We need to stop this! We are promoting unhealthy extra hours. We are making it
like it's ok to expect/ask developers to work overnight and weekends. Work-
life balance is not just a cliché, we need to incentivise developers to have a
real life outside of work

> I was once about to leave my place with a date when the office called
> because of a production issue. She sat and waited patiently for an hour
> while I tried frantically to fix the issue before she ultimately took off (I
> couldn’t blame her), leaving me to my work and my coworkers in IRC sharing
> my misery.

is this company really so dependent of a single developer? unless it's a
startup with 3 employees it sounds like a problem. Or maybe the developer
thinks it's the only one able to save the day?

------
UglyToad
I hadn't seen this before but my god it's bang on every problem I experienced
in my jobs and pretty much exactly what caused my burnout.

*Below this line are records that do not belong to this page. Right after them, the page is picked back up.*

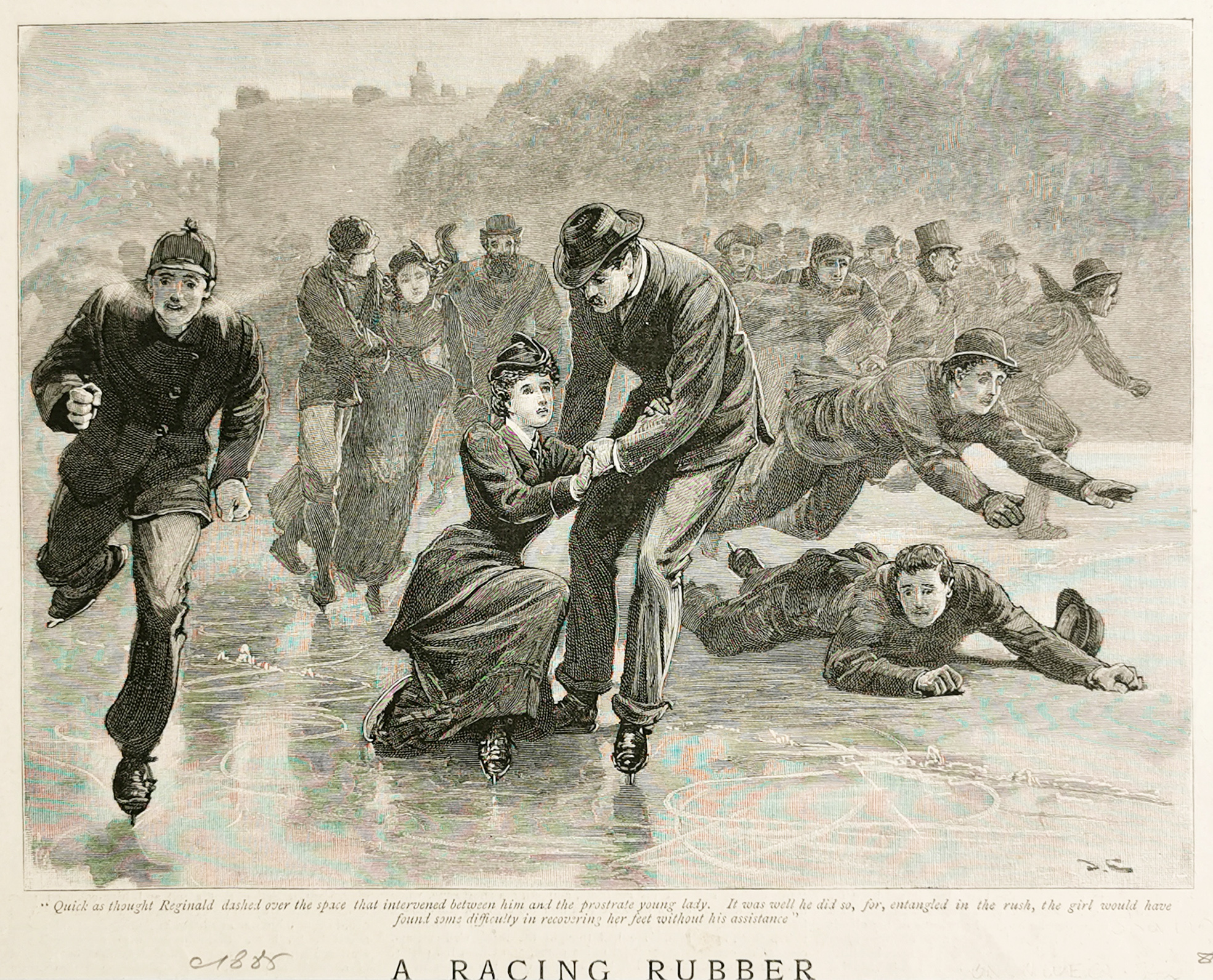 Frenetic scene of skaters racing. From the original edition of The Graphic.
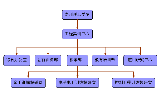 “中心”实行分管院长领导下的主任责任制,统筹调配使用实训教学资源,接受学校和实验设备处的直接管理。“中心”机构由:中心综合办公室、教学部(包括金工训练教研室、电子电工训练教研室、控制工程训练教研室)、创新训练部、教育培训部、应用研究中心等部门组成。
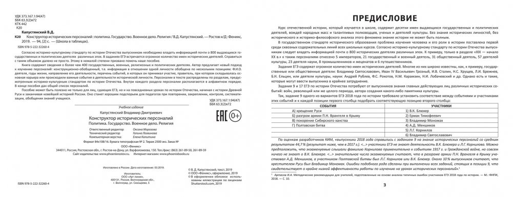 Согласно историко-культурному стандарту по истории Отечества выпускникам необходимо владеть информацией почти о 800 выдающихся государственных и политических деятелях различных эпох. В заданиях ЕГЭ встречается огромное количество имен исторических деятелей. Справиться с таким объемом далеко не просто. Этому в немалой степени призвано помочь наше пособие.

I keep saying to people who ask what I'm doing next (currently taking a break)
that my problem is I love coding but hate doing it as a job and this article
has every reason why.

Just to call attention to the first point about being a short order cook, this
is precisely why scrum sucks and makes me so unhappy. You can't just give us
work shorn of all context and use us as assembly line workers. Unless you're
giving your developers full domain knowledge and involving them at every stage
of the process you're wasting talent and money and your company probably sucks
to work at.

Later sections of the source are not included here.